The three largest Nordic energy utility majors Fortum Oyj, Statkraft AS and Vattenfall AB have put forward a joint proposal for a "Policy Coherence Mechanism" to "rectify shortcomings" in the EU's Emissions Trading Scheme (ETS).

Fortum Värme's newly commissioned biomass-fuelled combined heat and power plant in Stockholm, Sweden.
Fortum Värme’s newly commissioned biomass-fuelled combined heat and power plant in Stockholm, Sweden. rtum Värme's newly commissioned biomass-fuelled combined heat and power (CHP) plant in Stockholm, Sweden.

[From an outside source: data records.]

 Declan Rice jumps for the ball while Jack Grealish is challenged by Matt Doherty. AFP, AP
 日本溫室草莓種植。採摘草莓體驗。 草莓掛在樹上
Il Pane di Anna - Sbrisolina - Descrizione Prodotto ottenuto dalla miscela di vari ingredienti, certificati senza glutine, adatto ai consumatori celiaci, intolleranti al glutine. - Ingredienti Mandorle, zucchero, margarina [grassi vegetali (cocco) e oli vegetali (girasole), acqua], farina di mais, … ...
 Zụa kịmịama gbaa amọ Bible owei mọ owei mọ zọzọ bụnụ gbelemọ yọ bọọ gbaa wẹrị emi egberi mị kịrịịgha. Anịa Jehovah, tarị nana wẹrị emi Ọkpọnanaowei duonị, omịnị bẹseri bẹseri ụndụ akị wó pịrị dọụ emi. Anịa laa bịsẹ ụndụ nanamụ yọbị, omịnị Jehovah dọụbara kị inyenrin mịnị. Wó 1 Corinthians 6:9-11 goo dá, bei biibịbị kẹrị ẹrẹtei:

Fortum, Statkraft and Vattenfall, the three largest Nordic energy utilities from Finland, Norway and Sweden respectively have presented a joint proposal for a “Policy Coherence Mechanism” to improve coherence between the EU Emissions Trading Scheme (ETS) and other policies. According to the energy utility trio, the proposal can be implemented in the framework of the EU Governance Regulation that is currently being discussed by the EU institutions.

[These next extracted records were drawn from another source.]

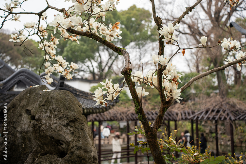 Traditional Chinese garden in Suzhou, China in the spring
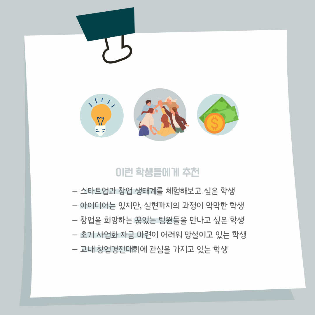 스타트업과 창업 생태계를 체험하고 싶은 학생, 창업 아이디어를 가지고 있는 학생, 뜻이 맞는 팀원들을 모집하고 싶은 학생, 초기 사업화 자금이 필요한 학생, 창업경진대회에 참가할 계획이 있는 학생분들께서는 "실전 스타트업"을 꼭 수강해보세요-!
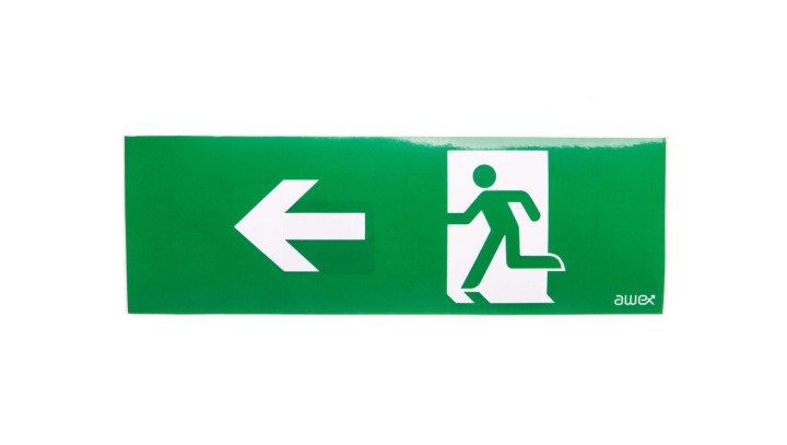 Piktogram 100x300 PM24 strzałka lewo człowiek w drzwiach logo awex (ISO7010)
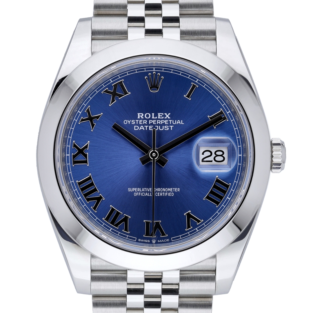 A Rolex Datejust 41 Watch, Stainless Steel on a Blue Dial.
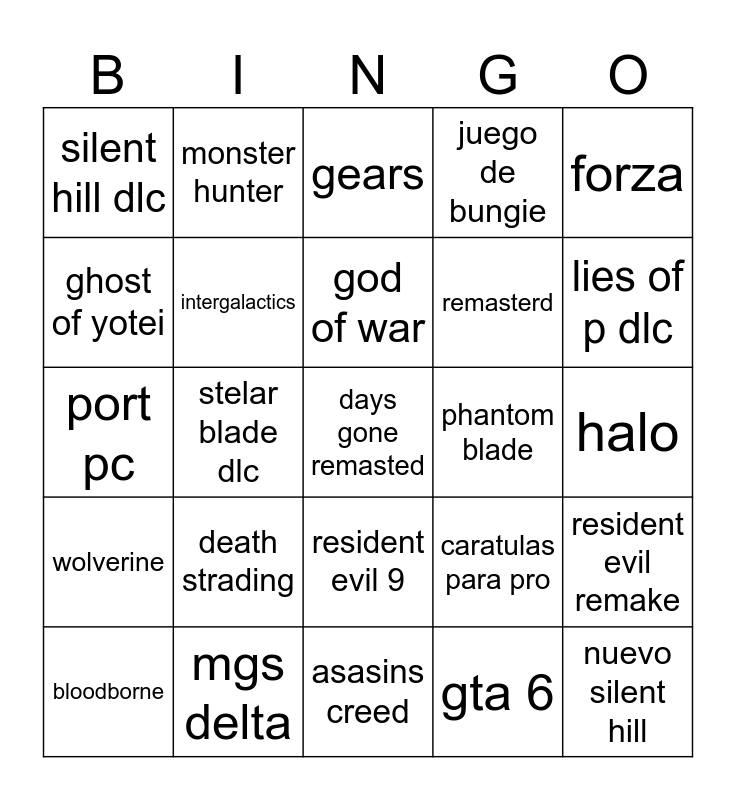 This bingo card has a free space and 24 words: death strading, mgs delta, god of war, bloodborne, forza, silent hill dlc, ghost of yotei, monster hunter, phantom blade, resident evil 9, remasterd, port pc, caratulas para pro, resident evil remake, intergalactics, gta 6, halo, gears, lies of p dlc, stelar blade dlc, nuevo silent hill, wolverine, juego de bungie and asasins creed.
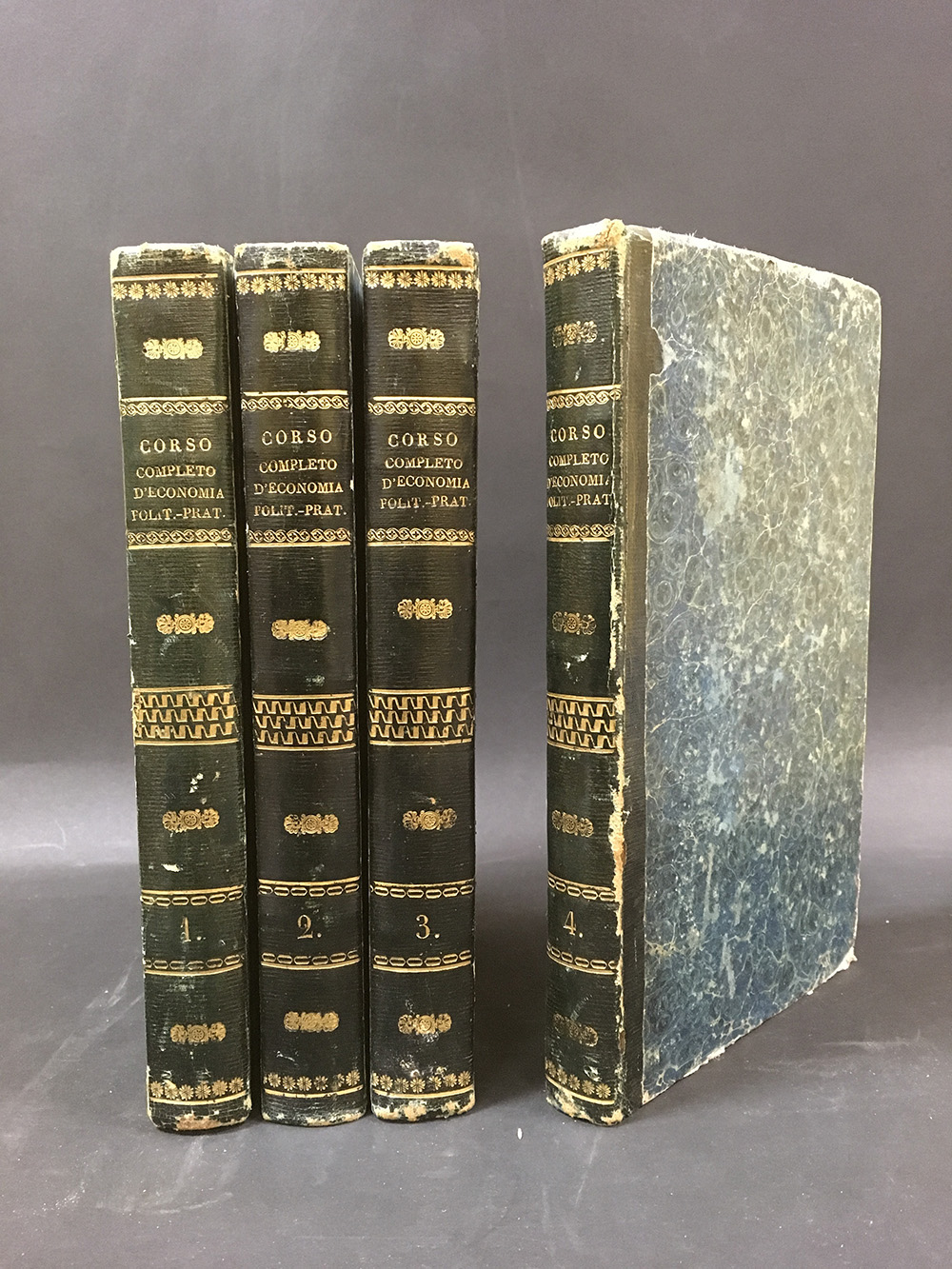 SAY G. Battista. Corso completo d'economia politico-pratica. Firenze, Battelli, 1833. 8vo, 4 voll, fioriture e macchie. Legatura coeva in mezzo marocchino con titiolo e decori in oro al dorso.
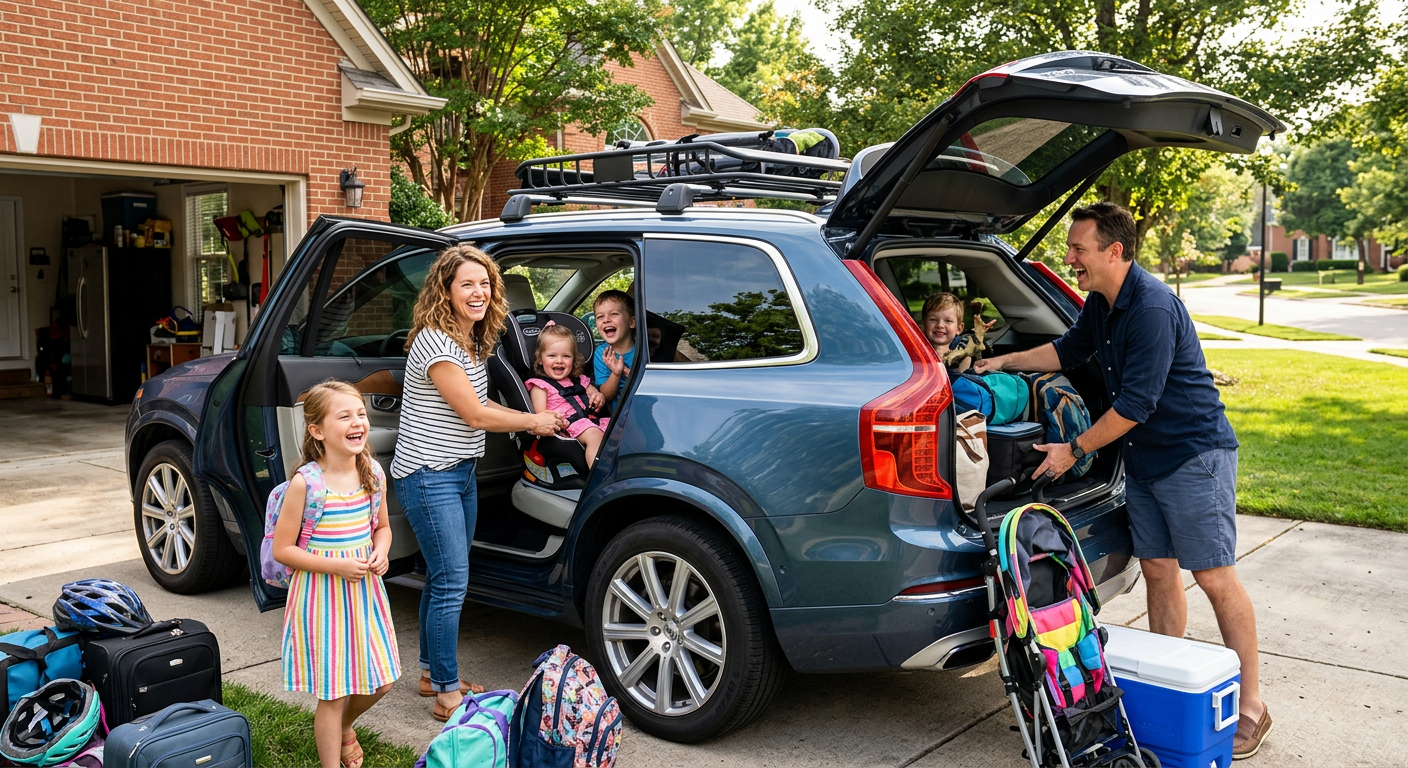 Smiling young girl sitting in a car seat inside a vehicle, next to a beige car backseat.
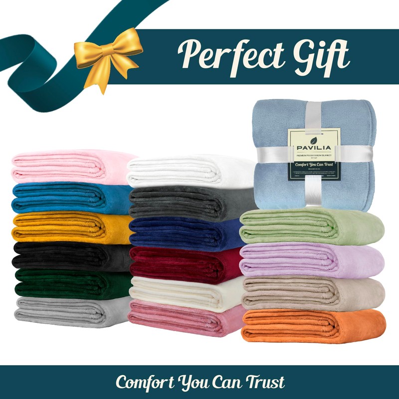 - CLASSIC SAGE GREEN FLEECE THROW BLANKET FOR COUCH: PAVILIA fleece flannel throw blanket is super soft and cozy. Made with premium microfiber fleece, the blanket is warm yet lightweight, making it an ideal all season bed blanket. This versatile fleece blanket will keep you warm during fall and winter and cozy during spring and summer. It is a home essential as a lap throw blanket while watching tv, reading in your living room,office, dorm, and even as a camping travel blanket.
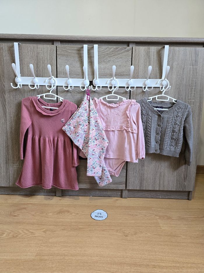 Lien direct vers les tailles équivalentes dans mon dressing : #fdhsarah24mois #fdhsarahSGMJ Photos détaillées dans des annonces individuelles dans mon dressing. 📜 Lot comprenant 4 articles : - Robe tricot fantaisie, Finition coquille sur col et broderies fleurs roses sur buste. Ref : LANOLWEN - Blouse body manches longues rose. Buste brodé avec volants. Ref : LANICOLE - Legging imprimé fleuri rose, prune, vert anis sur fond écru. Ref : LANINON - Gilet/Cardigan tressé fantaisie avec des fils métallisés. Ref : LANADIA Collection : Meringue a Vienne Taille 📏 : 24 mois 86 cm État 🔍 : Très bon état Marque 🏷️ : Sergent Major Je suis disponible pour toutes questions ou photos supplémentaires. 📦 L’envoi se fait le plus rapidement possible Bon Shopping #fdhxxx24xxx

The ETS has long grappled with a large surplus of emission allowances, which means that the carbon dioxide (CO2) price is not sufficiently high to stimulate the market into bringing the energy system in line with the objectives of the Paris Agreement.

We are positive towards many of the reforms that are currently being implemented in the EU ETS Directive. In particular, those measures which have the aim of removing a significant proportion of the surplus of emission allowances which has built up in the market up to now said Erik Filipsson, Policy Advisor at Vattenfall.

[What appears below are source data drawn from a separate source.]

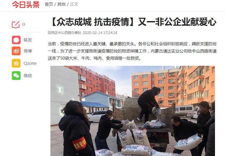 在新型冠狀病毒肺炎疫情肆虐神州大地之時(shí),在這個(gè)特殊的時(shí)期里,每個(gè)人都卷入了一場(chǎng)特殊的戰役。在疫情當前我們看到一批批勇敢的逆行者夜以繼日的堅守在一線(xiàn)崗位,保障著(zhù)你我健康安全,守護者大家的生活秩序。內蒙古通達實(shí)業(yè)股份有限公司強化責任擔當、積極響應、迅速行動(dòng),在做好各項防控措施的同時(shí)出資20萬(wàn)元善款,通過(guò)全市多個(gè)轄區內的街道辦事處進(jìn)行愛(ài)心物資捐贈活動(dòng),以表達通達公司對奮戰在疫情聯(lián)防聯(lián)控一線(xiàn)的工作人員最崇高的敬意!
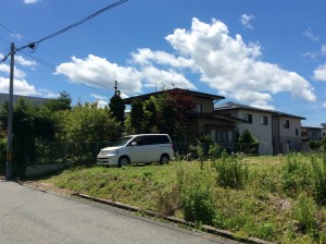 敷地が道路よりも高いので自動車の乗り入れを考えて地盤を一部カットしました
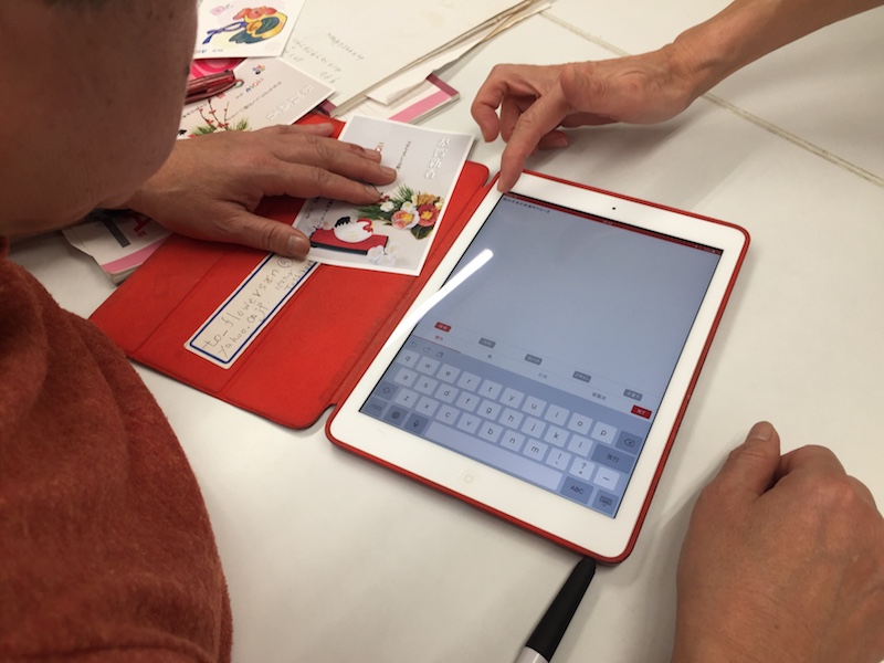 ・午後の授業から引き続きでご参加のFさんは、iPadで年賀状の作成。
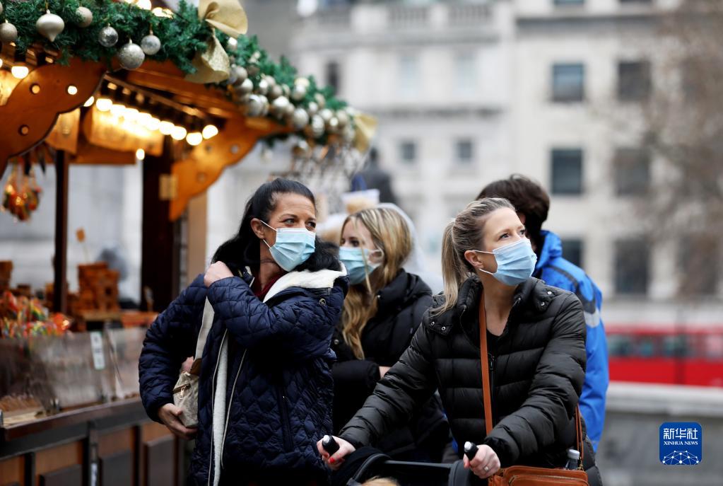 12月23日,在英國倫敦特拉法加廣場(chǎng)的圣誕市場(chǎng),人們佩戴口罩走過(guò)一家攤位。
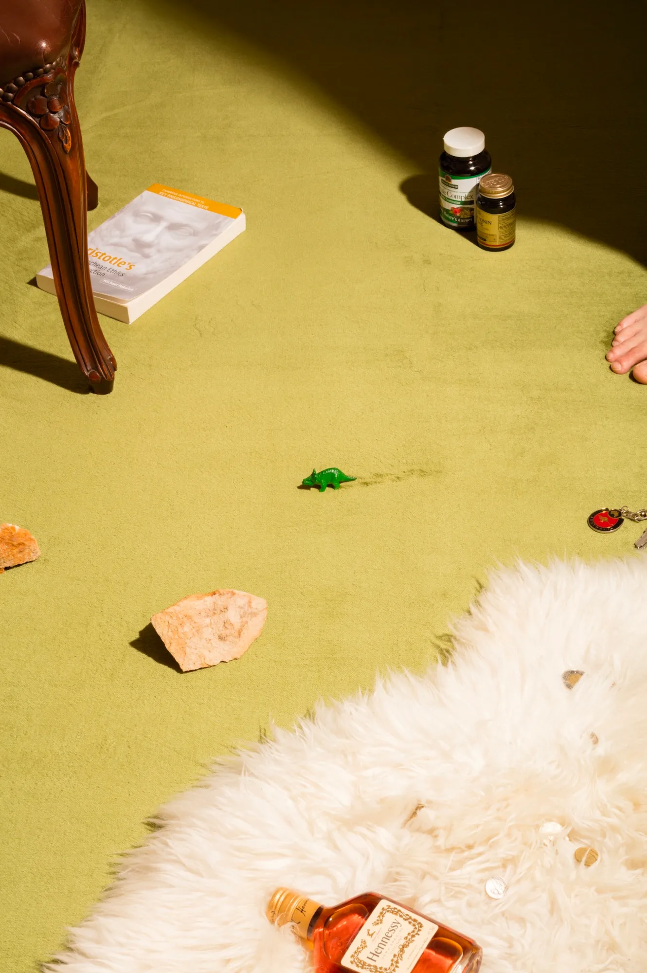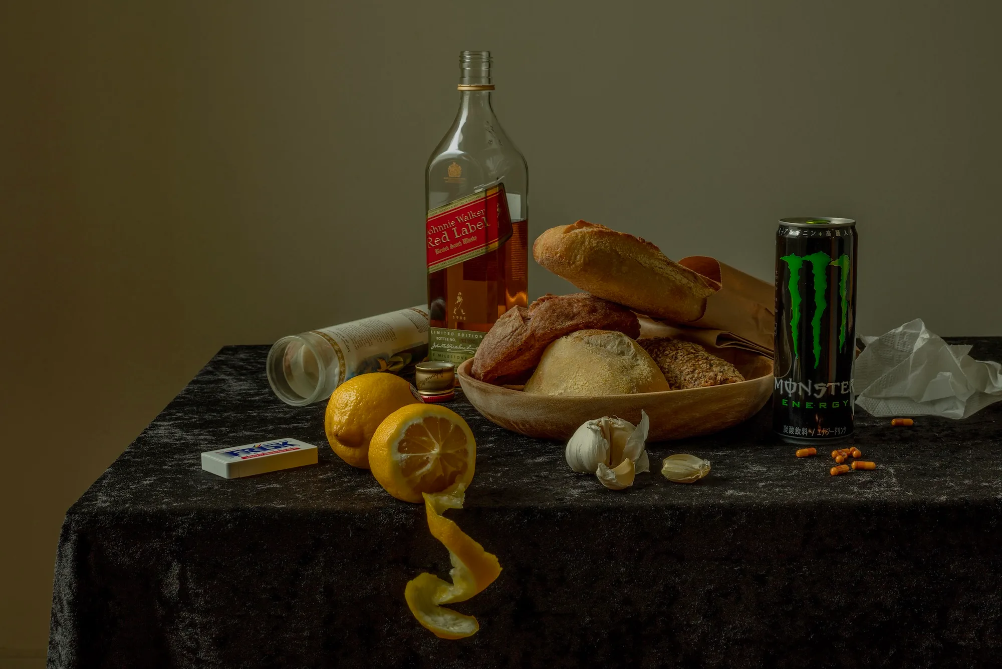 2024年にSystem of Cultureが出版した、これまでの作品を網羅的にまとめた作品集『Book 2』を開いてみよう。最初に掲載されている《Still Life Breakfast》は代表作といってもいいものだが、伝統的な西洋絵画の静物主題のような構成を取りつつも、サプリメントと思しき錠剤やエナジードリンクが配置されている。奥にはふたの開いたウィスキーのボトルがあり、わたしたちはその伝統的絵画構成への挑戦とともに、そこから物語を掬い上げてしまう。ページをめくっていくと、ほかにもこのようなデペイズマンともいえる手法をとった作品は多く見られるし、あるいは空に浮かぶ炎や、人間の身体を静物モチーフと同様にほとんどモノのように配した作品もしばしば見られる。ただ、それは物語を鑑賞者の解釈に任せるというよりは、明確な物語の提示がなされている観がある。

Incoherent targets and policies

Policies that overlap with the EU ETS are, according to a new report conducted by international consulting and engineering company Pöyry Management Consulting on behalf of the trio, a significant contributor to its current ineffectiveness. Furthermore, the oversupply may continue to grow in the future as a result of incoherent targets and new policies in the 2030 framework.

Released at the European Parliament (EP) on June 20 the report “Managing the policy interaction with the EU ETS” suggests that the allowance surplus is largely due to EU Member States (MS) setting their own targets, which is affecting emissions. To date, one-third of the surplus of allowances in the ETS has originated from intersecting policies, according to the findings.

Mechanism lacking

However, according to the trio what is currently lacking is a forward-looking solution and a built-in mechanism which directly regulates the number of emission allowances in relation to the climate initiatives being implemented at national level.

Let’s say that a country decides to shut down a number of coal-fired power plants. With the current system, the amount of carbon dioxide which would then be reduced locally would have no direct effect on the amount of carbon dioxide that can be emitted in the ETS. It means that the number of emissions allowances in circulation is too high and results in the price of emission allowances falling and no longer having the controlling effect intended. This means, paradoxically, that a less ambitious EU country can increase its emissions as a result of other countries’ efforts, as long as the jointly set EU objectives are achieved, explained Filipsson.

Propose automatic regulation

On the initiative of the three utilities, Pöyry Management Consulting has developed a mechanism to deal with this overlap in a structured and predictable manner by automatically regulating the number of emission allowances in relation to the real amount of emissions. Called the “Policy Coherence Mechanism” it aims at adjusting the ETS for future policy overlaps rather than seeking to retroactively correct for the surplus of allowances resulting from such policies.

The mechanism ensures that the overlapping policy has a real environmental benefit – as the number of allowances is reduced and not just redistributed in the system but it has no impact on the free allocation of allowances to the industry to protect it against carbon leakage.

As soon as a country reduces its emissions, this has to be reported centrally, and an equivalent amount of emission allowances removed from future auctions. In this way, the national measures also have an effect on the climate overall, and it avoids other policy instruments undermining EU ETS, so the cost per emission allowance becomes a real incentive to invest in climate-smart energy, Erik Filipsson said.